Top of DATA PROVIDED

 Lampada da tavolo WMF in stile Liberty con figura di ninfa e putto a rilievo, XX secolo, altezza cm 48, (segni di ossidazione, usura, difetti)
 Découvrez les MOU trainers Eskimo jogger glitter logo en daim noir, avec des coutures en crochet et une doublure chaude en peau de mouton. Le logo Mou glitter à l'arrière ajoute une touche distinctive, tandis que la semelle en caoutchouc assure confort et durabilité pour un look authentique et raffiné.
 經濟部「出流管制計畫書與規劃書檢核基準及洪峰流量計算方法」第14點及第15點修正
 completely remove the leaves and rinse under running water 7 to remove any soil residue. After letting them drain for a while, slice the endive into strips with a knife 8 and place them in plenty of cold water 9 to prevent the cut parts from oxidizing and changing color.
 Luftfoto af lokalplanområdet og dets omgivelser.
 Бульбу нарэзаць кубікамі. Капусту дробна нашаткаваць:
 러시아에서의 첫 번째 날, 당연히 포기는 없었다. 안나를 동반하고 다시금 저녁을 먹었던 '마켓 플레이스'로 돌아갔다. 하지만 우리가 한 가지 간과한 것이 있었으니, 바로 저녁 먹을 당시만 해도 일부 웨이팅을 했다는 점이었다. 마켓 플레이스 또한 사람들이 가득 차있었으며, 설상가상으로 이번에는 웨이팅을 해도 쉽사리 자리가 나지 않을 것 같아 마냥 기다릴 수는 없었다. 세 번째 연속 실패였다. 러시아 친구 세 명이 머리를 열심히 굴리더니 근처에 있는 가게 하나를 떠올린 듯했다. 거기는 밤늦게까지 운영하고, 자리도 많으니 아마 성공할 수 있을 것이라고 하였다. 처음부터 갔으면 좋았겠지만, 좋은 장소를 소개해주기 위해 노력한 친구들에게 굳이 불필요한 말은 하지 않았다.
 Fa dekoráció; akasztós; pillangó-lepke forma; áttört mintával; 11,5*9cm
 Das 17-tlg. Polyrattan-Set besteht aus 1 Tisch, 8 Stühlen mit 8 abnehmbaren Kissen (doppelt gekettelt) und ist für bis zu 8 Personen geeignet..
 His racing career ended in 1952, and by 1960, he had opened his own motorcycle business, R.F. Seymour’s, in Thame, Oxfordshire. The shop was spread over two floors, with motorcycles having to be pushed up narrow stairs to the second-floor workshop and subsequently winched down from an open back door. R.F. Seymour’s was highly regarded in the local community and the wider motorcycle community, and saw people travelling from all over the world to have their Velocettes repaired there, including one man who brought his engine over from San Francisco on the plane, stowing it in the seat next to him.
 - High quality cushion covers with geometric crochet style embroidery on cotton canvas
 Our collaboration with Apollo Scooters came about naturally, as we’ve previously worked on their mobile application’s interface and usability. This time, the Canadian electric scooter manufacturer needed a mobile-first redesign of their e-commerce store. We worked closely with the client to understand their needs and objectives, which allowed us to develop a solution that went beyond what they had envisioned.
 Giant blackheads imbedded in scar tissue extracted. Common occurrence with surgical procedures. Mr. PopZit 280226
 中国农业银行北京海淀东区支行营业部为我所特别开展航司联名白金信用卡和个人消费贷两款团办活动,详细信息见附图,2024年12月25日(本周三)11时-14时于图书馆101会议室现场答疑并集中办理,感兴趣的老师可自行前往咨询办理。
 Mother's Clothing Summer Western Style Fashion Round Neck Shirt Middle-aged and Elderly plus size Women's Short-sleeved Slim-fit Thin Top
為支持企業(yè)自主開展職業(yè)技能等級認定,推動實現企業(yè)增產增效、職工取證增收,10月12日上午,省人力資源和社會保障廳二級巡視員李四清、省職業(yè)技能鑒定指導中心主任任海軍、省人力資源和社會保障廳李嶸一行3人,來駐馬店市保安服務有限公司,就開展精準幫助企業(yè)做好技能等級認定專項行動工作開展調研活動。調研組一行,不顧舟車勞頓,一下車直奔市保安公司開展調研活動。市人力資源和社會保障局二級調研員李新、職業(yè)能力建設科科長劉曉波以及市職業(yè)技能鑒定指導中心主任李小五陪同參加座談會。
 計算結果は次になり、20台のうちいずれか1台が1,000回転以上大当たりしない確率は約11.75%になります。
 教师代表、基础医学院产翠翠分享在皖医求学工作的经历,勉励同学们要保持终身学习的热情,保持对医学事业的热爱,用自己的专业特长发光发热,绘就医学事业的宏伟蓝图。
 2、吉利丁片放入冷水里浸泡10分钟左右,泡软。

Bottom of DATA PROVIDED

EXERCISE DIRECTIONS
Line by line, restate the data exactly.

COMPLETED EXERCISE
 Lampada da tavolo WMF in stile Liberty con figura di ninfa e putto a rilievo, XX secolo, altezza cm 48, (segni di ossidazione, usura, difetti)
 Découvrez les MOU trainers Eskimo jogger glitter logo en daim noir, avec des coutures en crochet et une doublure chaude en peau de mouton. Le logo Mou glitter à l'arrière ajoute une touche distinctive, tandis que la semelle en caoutchouc assure confort et durabilité pour un look authentique et raffiné.
 經濟部「出流管制計畫書與規劃書檢核基準及洪峰流量計算方法」第14點及第15點修正
 completely remove the leaves and rinse under running water 7 to remove any soil residue. After letting them drain for a while, slice the endive into strips with a knife 8 and place them in plenty of cold water 9 to prevent the cut parts from oxidizing and changing color.
 Luftfoto af lokalplanområdet og dets omgivelser.
 Бульбу нарэзаць кубікамі. Капусту дробна нашаткаваць:
 러시아에서의 첫 번째 날, 당연히 포기는 없었다. 안나를 동반하고 다시금 저녁을 먹었던 '마켓 플레이스'로 돌아갔다. 하지만 우리가 한 가지 간과한 것이 있었으니, 바로 저녁 먹을 당시만 해도 일부 웨이팅을 했다는 점이었다. 마켓 플레이스 또한 사람들이 가득 차있었으며, 설상가상으로 이번에는 웨이팅을 해도 쉽사리 자리가 나지 않을 것 같아 마냥 기다릴 수는 없었다. 세 번째 연속 실패였다. 러시아 친구 세 명이 머리를 열심히 굴리더니 근처에 있는 가게 하나를 떠올린 듯했다. 거기는 밤늦게까지 운영하고, 자리도 많으니 아마 성공할 수 있을 것이라고 하였다. 처음부터 갔으면 좋았겠지만, 좋은 장소를 소개해주기 위해 노력한 친구들에게 굳이 불필요한 말은 하지 않았다.
 Fa dekoráció; akasztós; pillangó-lepke forma; áttört mintával; 11,5*9cm
 Das 17-tlg. Polyrattan-Set besteht aus 1 Tisch, 8 Stühlen mit 8 abnehmbaren Kissen (doppelt gekettelt) und ist für bis zu 8 Personen geeignet..
 His racing career ended in 1952, and by 1960, he had opened his own motorcycle business, R.F. Seymour’s, in Thame, Oxfordshire. The shop was spread over two floors, with motorcycles having to be pushed up narrow stairs to the second-floor workshop and subsequently winched down from an open back door. R.F. Seymour’s was highly regarded in the local community and the wider motorcycle community, and saw people travelling from all over the world to have their Velocettes repaired there, including one man who brought his engine over from San Francisco on the plane, stowing it in the seat next to him.
 - High quality cushion covers with geometric crochet style embroidery on cotton canvas
 Our collaboration with Apollo Scooters came about naturally, as we’ve previously worked on their mobile application’s interface and usability. This time, the Canadian electric scooter manufacturer needed a mobile-first redesign of their e-commerce store. We worked closely with the client to understand their needs and objectives, which allowed us to develop a solution that went beyond what they had envisioned.
 Giant blackheads imbedded in scar tissue extracted. Common occurrence with surgical procedures. Mr. PopZit 280226
 中国农业银行北京海淀东区支行营业部为我所特别开展航司联名白金信用卡和个人消费贷两款团办活动,详细信息见附图,2024年12月25日(本周三)11时-14时于图书馆101会议室现场答疑并集中办理,感兴趣的老师可自行前往咨询办理。
 Mother's Clothing Summer Western Style Fashion Round Neck Shirt Middle-aged and Elderly plus size Women's Short-sleeved Slim-fit Thin Top
為支持企業(yè)自主開展職業(yè)技能等級認定,推動實現企業(yè)增產增效、職工取證增收,10月12日上午,省人力資源和社會保障廳二級巡視員李四清、省職業(yè)技能鑒定指導中心主任任海軍、省人力資源和社會保障廳李嶸一行3人,來駐馬店市保安服務有限公司,就開展精準幫助企業(yè)做好技能等級認定專項行動工作開展調研活動。調研組一行,不顧舟車勞頓,一下車直奔市保安公司開展調研活動。市人力資源和社會保障局二級調研員李新、職業(yè)能力建設科科長劉曉波以及市職業(yè)技能鑒定指導中心主任李小五陪同參加座談會。
 計算結果は次になり、20台のうちいずれか1台が1,000回転以上大当たりしない確率は約11.75%になります。
 教师代表、基础医学院产翠翠分享在皖医求学工作的经历,勉励同学们要保持终身学习的热情,保持对医学事业的热爱,用自己的专业特长发光发热,绘就医学事业的宏伟蓝图。
 2、吉利丁片放入冷水里浸泡10分钟左右,泡软。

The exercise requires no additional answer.